- Church: Roman Catholic Church
- See: Diocese of Ventimiglia-San Remo
- In office: 1988–2004
- Predecessor: Angelo Raimondo Verardo
- Successor: Alberto Maria Careggio

Orders
- Ordination: 29 June 1952
- Consecration: 24 June 1974 by Cardinal Giuseppe Siri

Personal details
- Born: 2 April 1928 Ceranesi, Italy
- Died: 25 May 2016 (aged 88) Vallecrosia, Italy
- Coat of arms: Giacomo Barabino's coat of arms

= Giacomo Barabino =

Italian Roman Catholic bishop

Giacomo Barabino (2 April 1928 – 25 May 2016) was a Roman Catholic bishop.

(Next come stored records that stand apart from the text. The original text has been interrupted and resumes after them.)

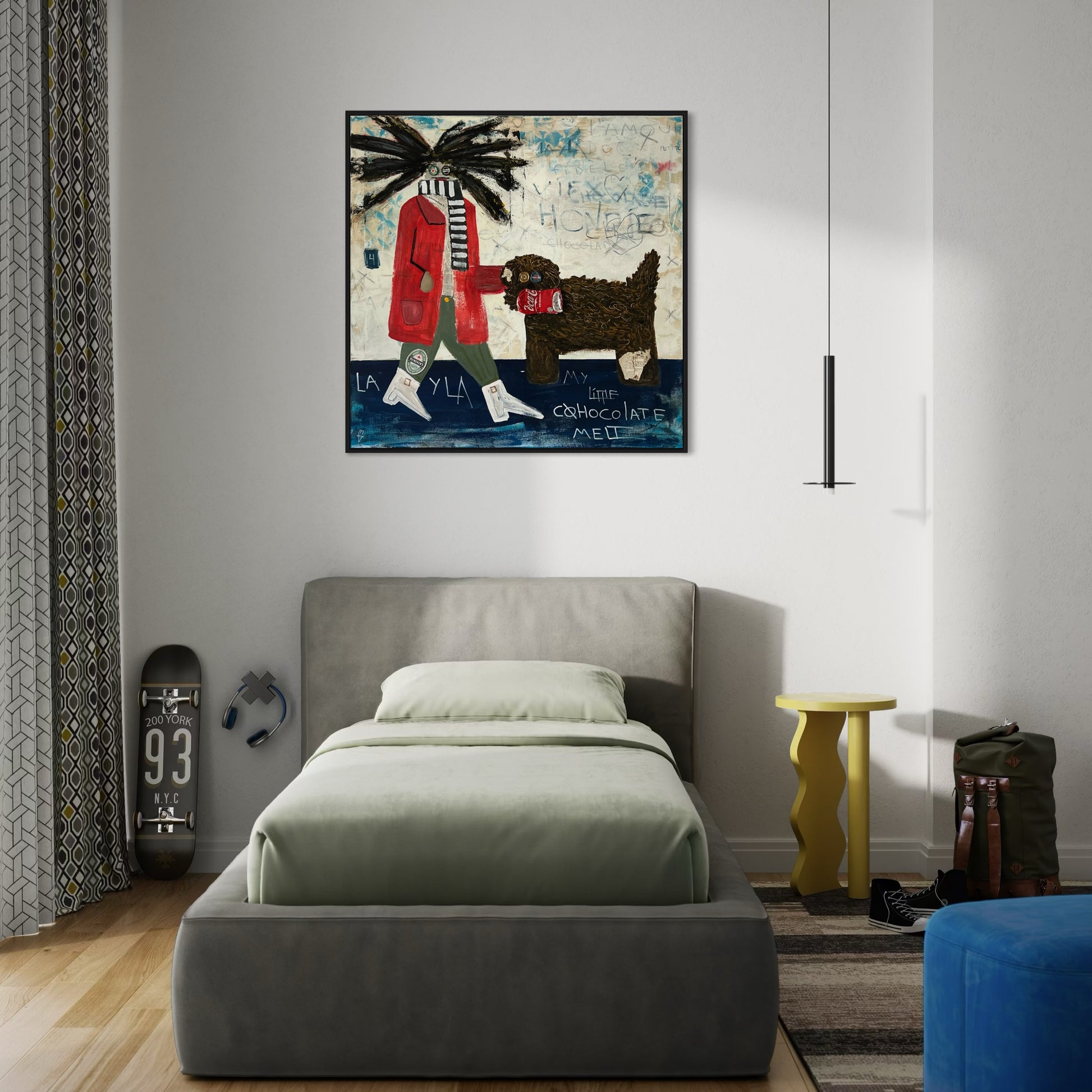 Gio Manveli used to spend his days in meetings and spreadsheets—until one day he noticed how beautiful a messy chair looked in the corner of his room. That little moment changed everything. Now, he paints the quiet, honest parts of life—beds that aren’t made, messy dining table with underwear on it, and outgoing characters enjoying Amsterdam life. His art feels like walking into someone’s memory. Gio believes walls should have stories, not just decorations—and he’s here to help yours tell one.
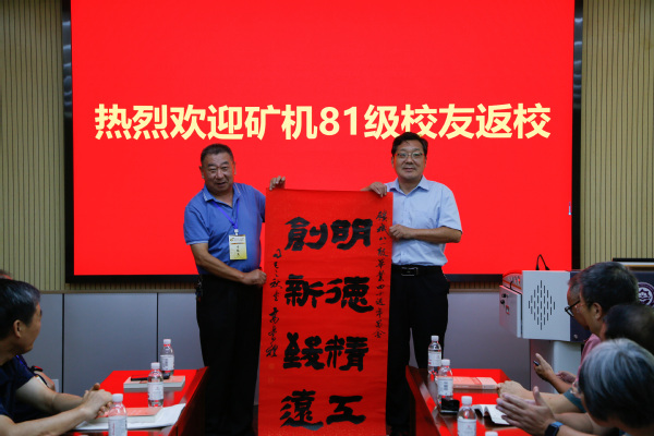 10日下午,机电工程学院于工科楼E330举办矿机81级校友毕业四十周年座谈会,20余位校友围绕求学经历回顾与学院发展建设展开交流。学院原党委书记李海林、副院长刘伟出席座谈会。校友代表向学院捐赠字画,表达对母院的美好祝福。
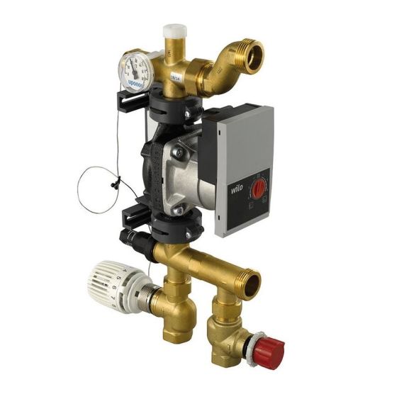 Poate asigura reducerea temperaturii si circulatia agentului termic in sistemele de incalzire prin pardoseala in sistemele mixte (conectat la coloana de radiatoare sau ventilo-convectori).
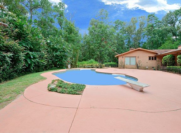 REDUCED! Amazing property with brick home, salt-water pool, detached apt & detached 2 car garage/workshop nestled on spectacular 2.5-acre setting! Foyer with stone floor, huge living room with awesome vaulted, beamed ceiling and wood-burning fireplace! Kitchen with gorgeous wide-plank pine floors, double oven, island, breakfast area & pantry! Huge dining room with side serving board with sink! Expansive Owner's suite with double-sink vanity, awesome built-ins, walk-in closet, shower & water closet! Guest bedroom with cedar-lined closet, hardwood floors! Other bedroom with walk-in closet! Spare bath with tile floor & granite! Huge den with built-ins & half-bath offer more entertaining area or could be made into 4th bedroom! Circular driveway & attached 2-car garage! Detached 1000 sq ft garage apt with kitchen, tiled floors, micro & full bath & walk-in closet! Cabana area with sink & full bath for easy pool access! Laundry room with lots of storage!
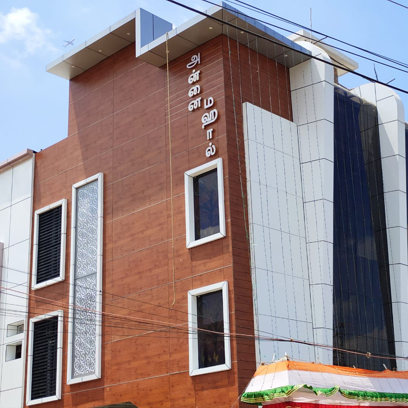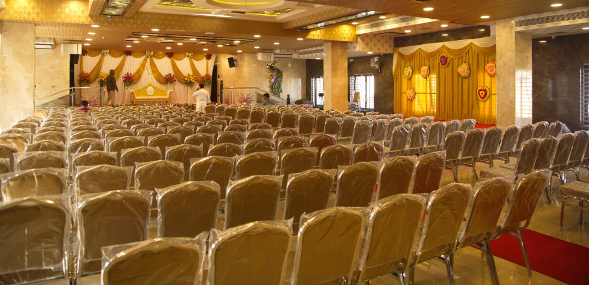 ANNAI MAHAL A/C is one of the prestigious & finest wedding halls in Chennai. It’s a large venue and can comfortably accommodate more than 1500 guests at your function. Features such as ample parking space, modern kitchen facilities, A/C Hall, integrated covered buffet space, Spacious Dining hall, A/C rooms for bride and groom, fully covered buffet space etc sets it apart. The aesthetic design, modern amenities and prime location makes ANNAI MAHAL A/C the ideal choice for marriages, meetings, receptions, engagements, conference, birthday party, festivities and corporate events.
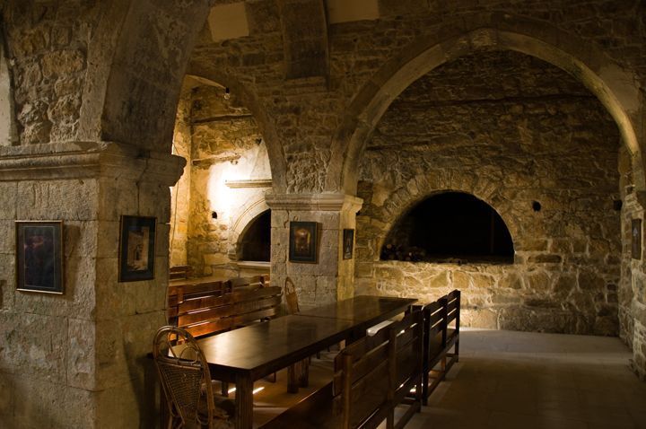 Трапезная, XIV в.Нематериальные особенности объекта культурного наследия.Датировка:- трапезная XIV в., по уточненным данным – начало XV в.Историко-художественная ценность:- просторное (двухзальное) и примечательное с точки зрения архитектуры (трехнефное сводчатое) монастырское здание светского предназначения, позволяющее составить представление о бытовой стороне жизни монахов-армян, об их возможностях обрабатывать, приготавливать и хранить пищу, об условиях приема пищи.Редкость:- редчайший образец уцелевшего трапезного сооружения крымских армян, возведенный в позднее средневековье.Историческая функция:- монастырское сооружение светского характера, предназначенное для обработки, приготовления и хранения пищи. Местоположение:- трапезная монастыря Сурб-Хач отделена от гавита парадным двориком – атриумом и занимает западное крыло ансамбляСилуэт, габариты:- крупное, прямоугольное здание двухзальной трапезной расположено на крутом склоне – значительно ниже остальных сооружений. Из-за этого со стороны атриума оно выступает одноярусным строением, а снаружи, или с запада – двухъярусным, если не считать надстройку, появившуюся позднее. С севера три мощных контрфорса поддерживают ее северо-западный, наиболее высокий наружный угол.Объемно-пространственная композиция:- трапезная представляет собой крупный нерасчлененный массив, лишенный убранства. Делится она на два, почти квадратных зала, которые сообщаются между собой проходом, открытым в восточном углу разделяющей их стены. Залы возведены по одинаковой конструкции и напоминают строение гавита (притвора). Каждый из них в плане имеет прямоугольную конфигурацию и двумя колоннами в центре интерьера делится на три нефа восток- запад ориентации. Причем центральные нефы выше и шире боковых. Подпружные арки (восток-запад), перекинутые на колонны и пилястры, поддерживают сводчатые нефов, по центру усиленные нервюрами. Подпружные арки и своды в северном зале имеют стрельчатый контур, в южном – полуциркульный.Каждый из залов освещается тремя широкими окнами на западе. Южный зал имеет еще одно окно в восточной стене. Арочное окно в восточной стене северного зала имеет низкое расположение. Каждый из залов имеет отдельный вход из атриума, открытый в восточной массивной стене. – Охраняются форма и габариты здания в плане; высотные отметки до уровня пола надстройки.– Охраняются местоположение, строение, габариты, тип материала колонн, пилястров и сводов.– Охраняются местоположение, размеры и конфигурация дверных и оконных проемов.Крыша:- конструкция и строение крыши трапезной неизвестны. Наиболее ранние изображения свидетельствуют об окруженной парапетом ровной террасе над трапезной с несколькими локальными помещениями на ней. К середине XIХ века, эти помещения были демонтированы, и над трапезной появился верхний этаж, который впоследствии многократно перестраивался и обновлялся. Нынешняя надстройка возведена в 2008 году и имеет маленький балкон на западной стороне. Она взята под четырехскатную черепичную крышу. – Охраняются местоположение, габариты, форма. Композиция и архитектурно-художественное оформление фасадов:- восточный фасад – гладкий нерасчлененный одноэтажный (не считая надстройки) массив. Оживлен двумя дверными и двумя оконными проемами, обрамленными рамами и
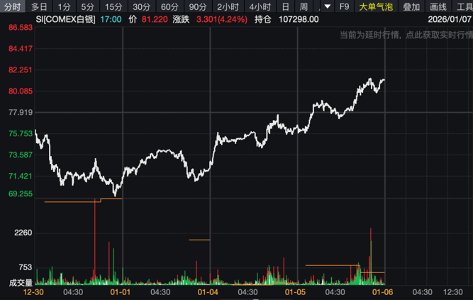 COMEX黄金期货再度升破4500美元/盎司,COMEX白银期货日内突破81美元/盎司。
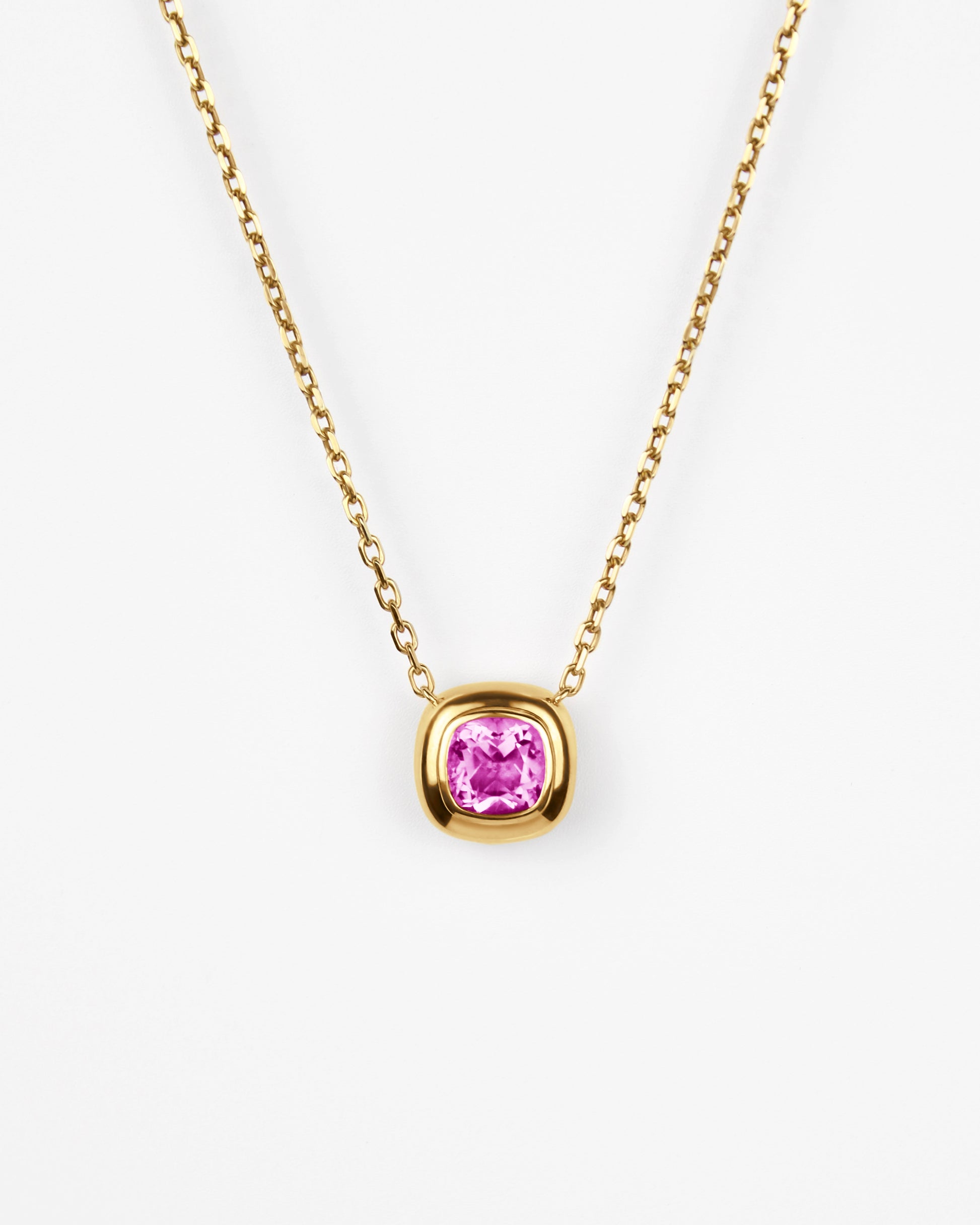 An emblem of bold simplicity. The Large Puff Pendant showcases a 7mm cushion-cut gemstone, magnified by a sculptural bezel of polished 18k gold. Graceful proportions and luminous presence offer the versatility to shine as a statement on its own or as part of your everyday layers.
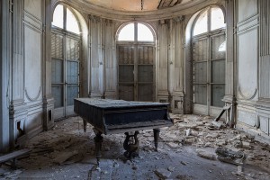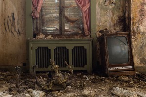 Puis, de retour à Paris, il se lance dans la difficile chasse des lieux abandonnés. « Trouver des endroits abandonnés, ni squattés, ni abîmés, n’est pas facile. Les endroits appartiennent toujours à des particuliers, parfois même à l’Etat ; il y a donc une part d’illégalité. On peut déceler des indices sur des images déjà prises, sur le terrain en regardant autour de soi, ou encore sur Internet, dans les dépêches. Ensuite, il faut essayer de trouver comment y pénétrer. Personnellement, je ne force jamais une entrée, je cherche une ouverture. Je déplace rarement les objets essayant de témoigner au mieux de l’état de l’endroit », détaille-t-il au sujet de son processus artistique.
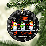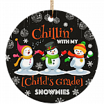 Shop Chillin’ With My Child’s Grade Snowmies Ceramic Circle Personalized Christmas Ornament.
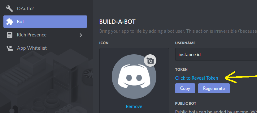 From there the "Click to Reveal Token" text will be displayed. Once you click that it will give you a text string. This will be pasted into the first property of the config.json.
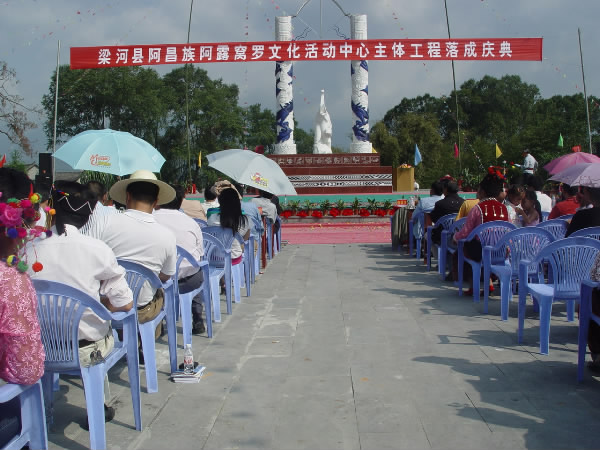 梁河县长方文信代表县委、县人大、县政府、县政协致欢迎辞,他说,阿昌族是一个勤劳、善良、直爽的民族,是全国22个人口较少民族之一,阿昌族有语言而无文字,但有着情节生动、风格别致、可诵可唱的诗歌、神话、故事、传说、戏剧等丰富的民族民间文化。目前,全国阿昌族人口共有3.5万人,其中13882人在梁河,占全国阿昌族人口比例的39.6%,全国有三个阿昌族乡,其中有两个在梁河。1993年,德宏州第九届人大常委会第三十次会议做出了《关于统一阿昌族节日名称和时间的决定》,正式将陇川县阿昌族的“会街节”和梁河县阿昌族的“窝罗节”统一为“阿露窝罗节”。由于梁河经济、社会发展相对滞后,特别是阿昌族地区人民群众的生活居住条件较差,受交通闭塞、文化落后等客观因素制约,阿昌族传统民族节日“阿露窝罗节”活动无固定场所,每年的庆典活动都要筹措资金投入搞临时场地和标志建设,投入了大量的人力、物力,而且效果不是很好。阿露窝罗文化活动中心主体工程的落成,可以满足全县阿昌族人民举办传统节日和各类中型活动的需要,更为重要的是有利于发展民族旅游,弘扬民族文化,繁荣民族经济,加强各民族间的沟通和交流。它的建成,对拓展梁河县旅游业发展的空间,繁荣民族文化和促进经济发展,将具有重大的战略意义。
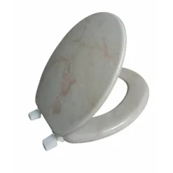 J&V Textiles Elongated Toilet Seat With Easy Clean & Change Hinge, Beveled Edges (Beige)
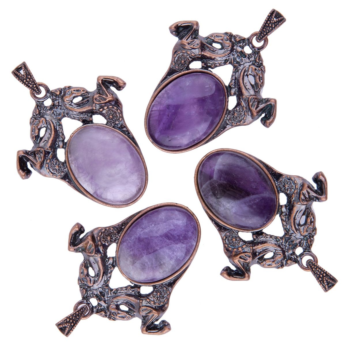 天然紫水晶蛋白石蛋面双马吊坠 古铜色复古款坠子
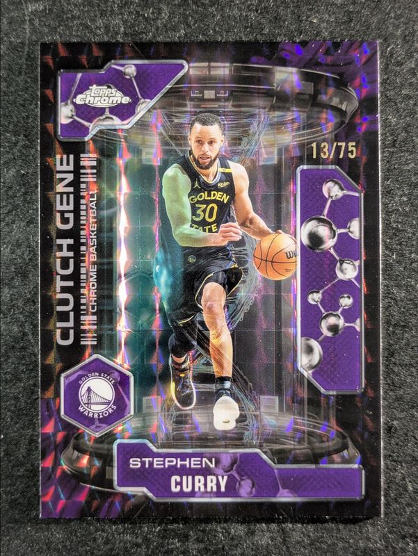 The Stephen Curry 2025 Topps Chrome #CG-2 Clutch Gene - Purple Refractor /75 card is 1 of 270 Stephen Curry's card variations in the 2025 Topps Chrome set being tracked by Sports Card Investor, including Base, 1st Day Issue Refractor, Basketball Refractor, Box Set Refractor, and Image Variation.
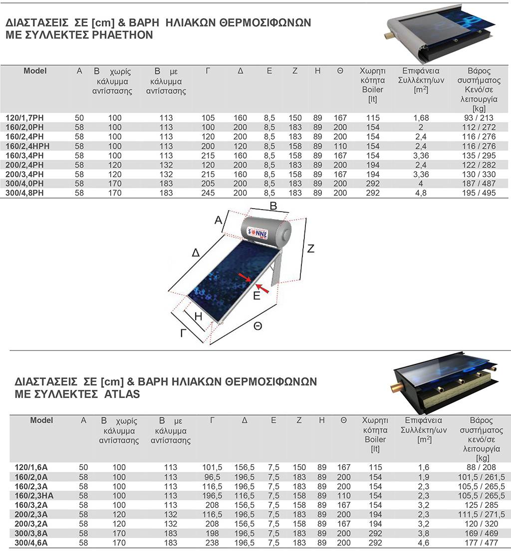 Ηλιακός Θερμοσίφωνας Χαλκού Sonne Phaethon 200lt/2.4m² Διπλής Ενέργειας Επιλεκτικός Συλλέκτης
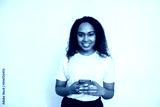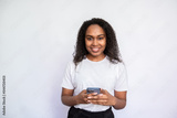 Portrait of happy young woman holding mobile phone over white background. African American woman wearing white T-shirt looking at camera and smiling. Mobile technology concept
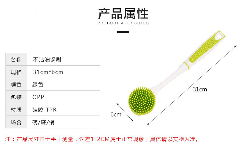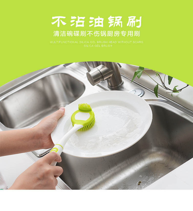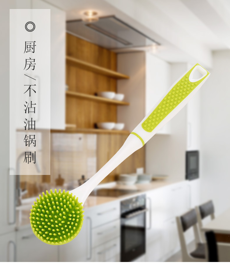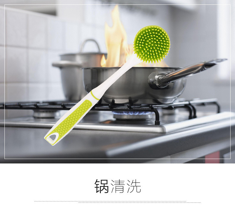 • 硅膠長柄清潔刷,硅膠不沾油長柄刷子,硅膠廚房洗碗刷
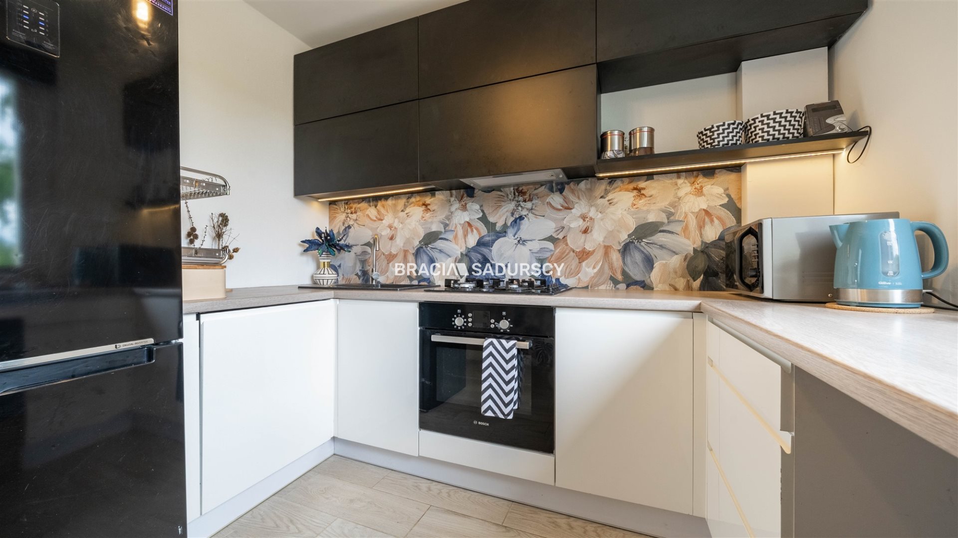 Kuchnia w pełni umeblowana i wyposażona w sprzęt AGD (zmywarka 60, piekarnik, płyta gazowa, okap, lodówka z zamrażarką).
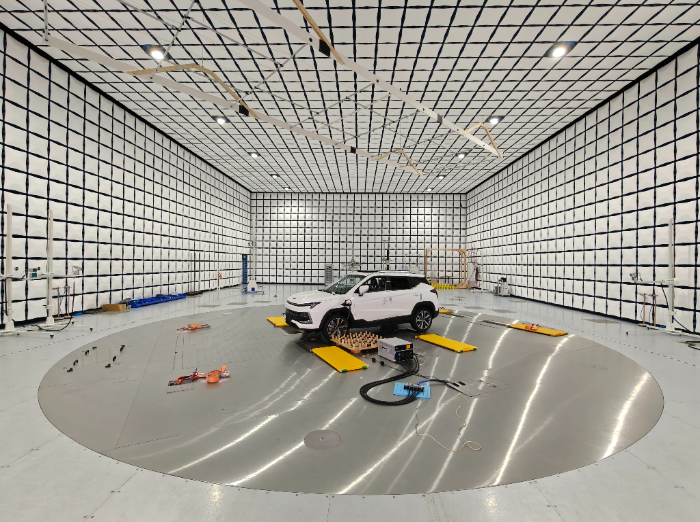 10月13日,招商车研电磁兼容试验室里正对车辆进行测试。
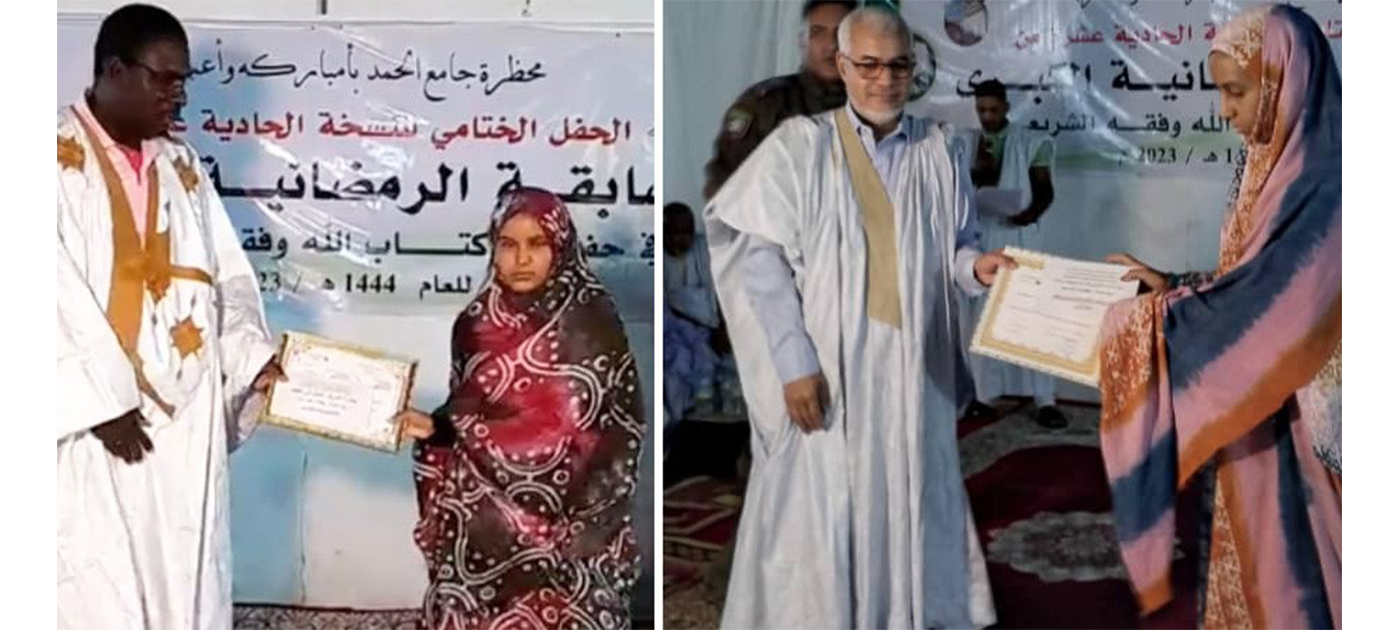 les deux filles, Aminetou Mint Chrif et Oumekelthoum Mint Lekhoueime ont été récompensées lundi soir des premiers prix du concours de récitation du Saint Coran et du Fikh organisé par la mahadra de la mosquée “El Hamd” d’Atar.

Barabino was born in 1928 in Livellato, a suburb of Ceranesi (diocese of Genoa). He was ordained to the priesthood in 1952 by Archbishop Giuseppe Siri of Genoa, and served as parish priest at Pegli and S. Siro a Nervi. On 14 July 1953, he was appointed Private Secretary of the Archbishop, who had been named a cardinal in January 1953.

On 25 May 1974 he was named a bishop by Pope Paul VI, and given the title of Bishop of Ravello. He was consecrated a bishop on 24 June in Genoa by Cardinal Siri. Barabino served as auxiliary bishop of the Roman Catholic Diocese of Bobbio, Italy, from 1974 until 1986. When Bobbio was combined with Genoa to form the Diocese of Genoa-Bobbio in 1986, he became an auxiliary bishop of Genoa and Vicar General of Genoa-Bobbio. On 7 December 1988 he was transferred to the Roman Catholic Diocese of Ventimiglia-San Remo, Italy, by Pope John Paul II, where he served as bishop of the diocese from 1988 until his resignation on 20 March 2004 at the age of 75. From 1991 to 1995 he was President of the Administrative Council of the newspaper L'avvenire, the Italian Catholic daily newspaper.

Bishop-emeritus Barabino died on 25 May 2016.